## [INPUT]
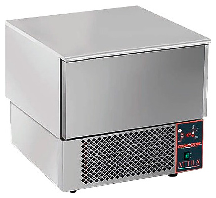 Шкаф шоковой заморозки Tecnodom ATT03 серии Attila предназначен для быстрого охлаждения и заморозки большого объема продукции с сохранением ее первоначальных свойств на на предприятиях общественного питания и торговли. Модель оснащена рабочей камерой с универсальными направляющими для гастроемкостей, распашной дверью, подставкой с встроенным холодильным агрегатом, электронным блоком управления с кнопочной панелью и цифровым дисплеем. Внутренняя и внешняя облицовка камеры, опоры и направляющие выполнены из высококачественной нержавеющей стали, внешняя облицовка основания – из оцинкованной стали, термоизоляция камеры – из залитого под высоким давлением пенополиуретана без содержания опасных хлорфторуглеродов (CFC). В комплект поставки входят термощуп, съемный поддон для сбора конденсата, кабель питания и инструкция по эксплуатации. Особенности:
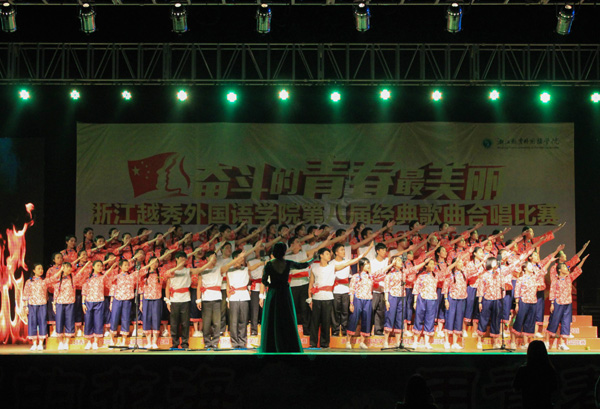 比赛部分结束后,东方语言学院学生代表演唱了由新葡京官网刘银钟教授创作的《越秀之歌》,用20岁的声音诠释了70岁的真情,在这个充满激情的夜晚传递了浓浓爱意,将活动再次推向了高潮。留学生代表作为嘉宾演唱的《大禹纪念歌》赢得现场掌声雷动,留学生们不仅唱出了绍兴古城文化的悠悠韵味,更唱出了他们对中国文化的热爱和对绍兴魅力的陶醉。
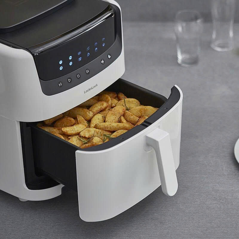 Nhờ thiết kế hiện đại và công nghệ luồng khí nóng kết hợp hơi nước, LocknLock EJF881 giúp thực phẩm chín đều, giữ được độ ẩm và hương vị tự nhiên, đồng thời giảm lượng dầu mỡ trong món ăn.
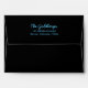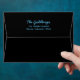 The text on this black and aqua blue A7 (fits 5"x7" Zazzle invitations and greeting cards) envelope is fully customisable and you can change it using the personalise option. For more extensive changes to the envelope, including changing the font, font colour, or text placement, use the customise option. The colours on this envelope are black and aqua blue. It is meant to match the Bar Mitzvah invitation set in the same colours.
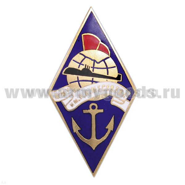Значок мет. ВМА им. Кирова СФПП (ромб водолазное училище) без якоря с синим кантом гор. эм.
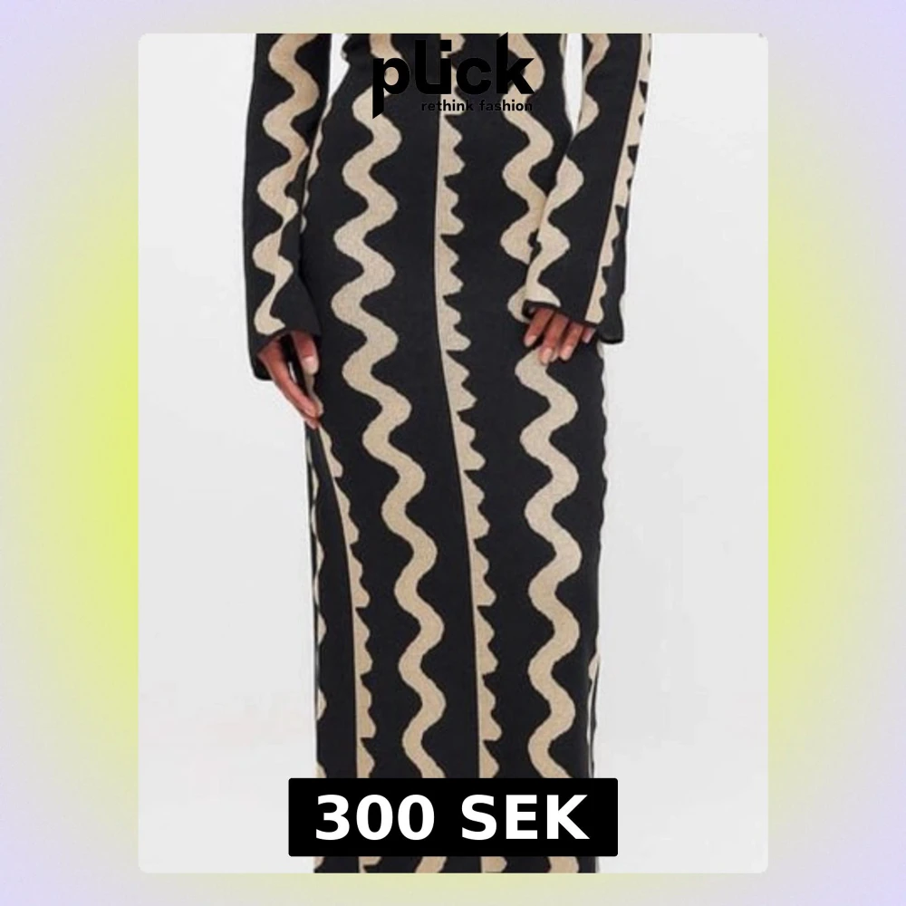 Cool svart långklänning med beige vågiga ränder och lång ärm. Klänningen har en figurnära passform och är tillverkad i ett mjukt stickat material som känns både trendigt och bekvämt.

## [WORK ITEM]
Above are the records; give them all again exactly, apart from the pictures.

## [RESPONSE TO THIS EXERCISE]
 Шкаф шоковой заморозки Tecnodom ATT03 серии Attila предназначен для быстрого охлаждения и заморозки большого объема продукции с сохранением ее первоначальных свойств на на предприятиях общественного питания и торговли. Модель оснащена рабочей камерой с универсальными направляющими для гастроемкостей, распашной дверью, подставкой с встроенным холодильным агрегатом, электронным блоком управления с кнопочной панелью и цифровым дисплеем. Внутренняя и внешняя облицовка камеры, опоры и направляющие выполнены из высококачественной нержавеющей стали, внешняя облицовка основания – из оцинкованной стали, термоизоляция камеры – из залитого под высоким давлением пенополиуретана без содержания опасных хлорфторуглеродов (CFC). В комплект поставки входят термощуп, съемный поддон для сбора конденсата, кабель питания и инструкция по эксплуатации. Особенности:
 比赛部分结束后,东方语言学院学生代表演唱了由新葡京官网刘银钟教授创作的《越秀之歌》,用20岁的声音诠释了70岁的真情,在这个充满激情的夜晚传递了浓浓爱意,将活动再次推向了高潮。留学生代表作为嘉宾演唱的《大禹纪念歌》赢得现场掌声雷动,留学生们不仅唱出了绍兴古城文化的悠悠韵味,更唱出了他们对中国文化的热爱和对绍兴魅力的陶醉。
 Nhờ thiết kế hiện đại và công nghệ luồng khí nóng kết hợp hơi nước, LocknLock EJF881 giúp thực phẩm chín đều, giữ được độ ẩm và hương vị tự nhiên, đồng thời giảm lượng dầu mỡ trong món ăn.
 The text on this black and aqua blue A7 (fits 5"x7" Zazzle invitations and greeting cards) envelope is fully customisable and you can change it using the personalise option. For more extensive changes to the envelope, including changing the font, font colour, or text placement, use the customise option. The colours on this envelope are black and aqua blue. It is meant to match the Bar Mitzvah invitation set in the same colours.
Значок мет. ВМА им. Кирова СФПП (ромб водолазное училище) без якоря с синим кантом гор. эм.
 Cool svart långklänning med beige vågiga ränder och lång ärm. Klänningen har en figurnära passform och är tillverkad i ett mjukt stickat material som känns både trendigt och bekvämt.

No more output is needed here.